La précarité, l’arcane principal du système économique capitaliste

mardi 30 mai 2006

Petite synthèse de l’intervention d’Alain Bihr au sujet de la précarité prise en tant qu’arcane principal du système économique capitaliste - Maison des Associations, salle Marguerite Yourcenar, Strasbourg le jeudi 18 mai 2006.

Pour ceux qui ne vivent pas encore du lucre et de l’opulence des bénéficiaires principaux du capitalisme, ceux pour qui les empires financiers resteront toujours de lointaines nébuleuses à éviter où règne la corruption et l’hypocrisie des faux dons, ceux qui sont déjà sortis du capitalisme - l’effort n’est pas des moindres et sans doute qu’Alain Bihr a déjà trouvé l’échappatoire à l’irréversible rien qu’en la pensant et en l’exposant d’un argumentaire sans failles cette sortie du capitalisme à laquelle l’histoire n’échappera pas - ou qui désirent ardemment en sortir, certainement sous peu ou encore plus rapidement si cela était possible - mais là il faudrait « licencier » le gouvernement - ; le désormais célèbre Maître en philosophie maintenant consacré à l’enseignement de la sociologie en terre francomtoise connu pour son analyse pointée d’une incomparable profondeur portée sur les rouages de l’extrême droite n’hésite pas à montrer sous quels contours le système capitaliste que nous finirons finalement tous par à peu près haïr se met à parler de « génération précaire » non pas comme une difficulté à laquelle il faudra désormais s’habituer mais en tant que transparence qui n’a plus rien à cacher de ses rouages sophistiqués mis en place pour mieux exploiter, accroître la pauvreté et rendre de plus en plus riche des individus sui n’auraient pas besoin de devenir encore plus riche s’ils étaient mus par les mêmes bases d’analyses historiques et des fondements philosophiques cimentés d’une matière politique presque identique et ceci pour l’ensemble de l’humanité et non pas pour des capitalistes seulement car à force de nous prôner que le libéralisme - il est devenu plus doux de substituer ce terme plus flou à celui de « capitalisme », déjà une manière de l’enterrer, hé, hé - est utile à tous et qu’il sert tout le monde il (le néolibéralisme comme l’appelle Alain Bihr, peut-être la forme finissante du « capitalisme ») finira par ne plus concerner que deux bernés, ultimes eux aussi, prêts à appuyer sur le bouton rouge dans un dernier combat pour la domination motivant l’irréfléchi désir de connaître le souffle atomique de la dernière expérience humaine.
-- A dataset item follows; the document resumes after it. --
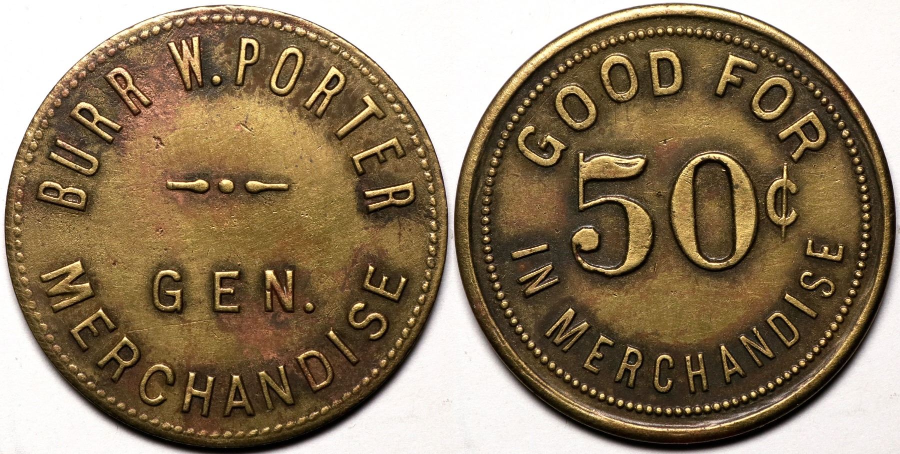 Burr W. Porter/ Gen. / Merchandise // Good For / 50c / In Merchandise. 27mm. R9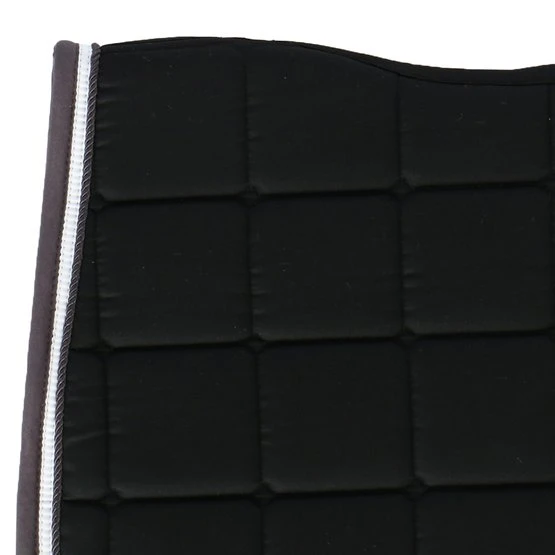 Diese luxuriöse Schabracke aus Baumwollmischgewebe-Twill verfügt über eine stoßdämpfende Füllung aus 700 g Filz und 10 mm Schaumstoff. Die anatomisch geformte Schabracke hat ein Cool Plus-Innenfutter mit hervorragenden feuchtigkeitsregulierenden und atmungsaktiven Eigenschaften. Durch die anatomisch geformte Rückennaht entsteht weniger schnell Druck auf Wirbelsäule und Widerrist. Die Schabracke ist mit einer Paspelkordel und einem dekorativen Band verziert und kommt in einer Karosteppung. Die Gurtschlaufen sind mit Klettverschluss versehen. Maschinenwaschbar bei 30 °C. Diese Schabracke kann mit verschiedenen anderen Artikeln in derselben Farbe aus der Xcellence-Linie kombiniert werden.

Il montre dans un éclat extraordinaire qui remuerait bien des volées de bois vert qu’« au cœur même du salariat qu’est la transformation de la force de travail en marchandise, se trouve déjà inscrite la précarité » ! A considérer, pour le comprendre, qu’il faut se munir d’une solide culture marxiste pour comprendre que ce système économique, en définissant la précarité comme le font ses gouvernements, se lave les mains comme le plus insouciant des Hérode et trouve en son utilisation un instrument franchissant les limites de l’acceptable qu’imposeraient des barrières à ne pas franchir en matière de « droits acquis » des salariés. Mais ceci ne peut s’exécuter qu’à la condition de ne pas cacher aux yeux de la culture économique les manières dont les ouvriers furent dépouillés de tous moyens de production. Réduits à la plus simple expression d’une force de travail qu’ils allaient bientôt même plus savoir à qui la vendre, déconnectés de tous moyens de coordination à l’outil de production, livrés à eux-mêmes, ils doivent alors affronter seuls le marché. Leur force de travail est ainsi réduite à une simple marchandise. Ils s’exposent alors aux marchés où sévit « la roulette russe de l’ensemble des agents privés ». Coupés des « interdépendances » mais certainement plus libres, ces « individus anomés (anomie) à agir à l’aveuglette, à l’espérance d’insertions heureuses » se retrouvent dans une situation où ils ne sont plus considérés socialement comme rentables tandis que leurs compétences sont quant à elles certainement moins nécessaires au système économique contemporain qui lui, bien qu’on prétende qu’il se transforme et s’adapte dans la meilleure des évolutions possibles, n’en possède pas moins certains invariants que sont le chômage comme il le fut pour un temps et maintenant la précarité qui prend sa place ou fonctionne de concert dans les tours du manège capitalistique qui restera désenchanté pour plus des trois quarts de l’humanité.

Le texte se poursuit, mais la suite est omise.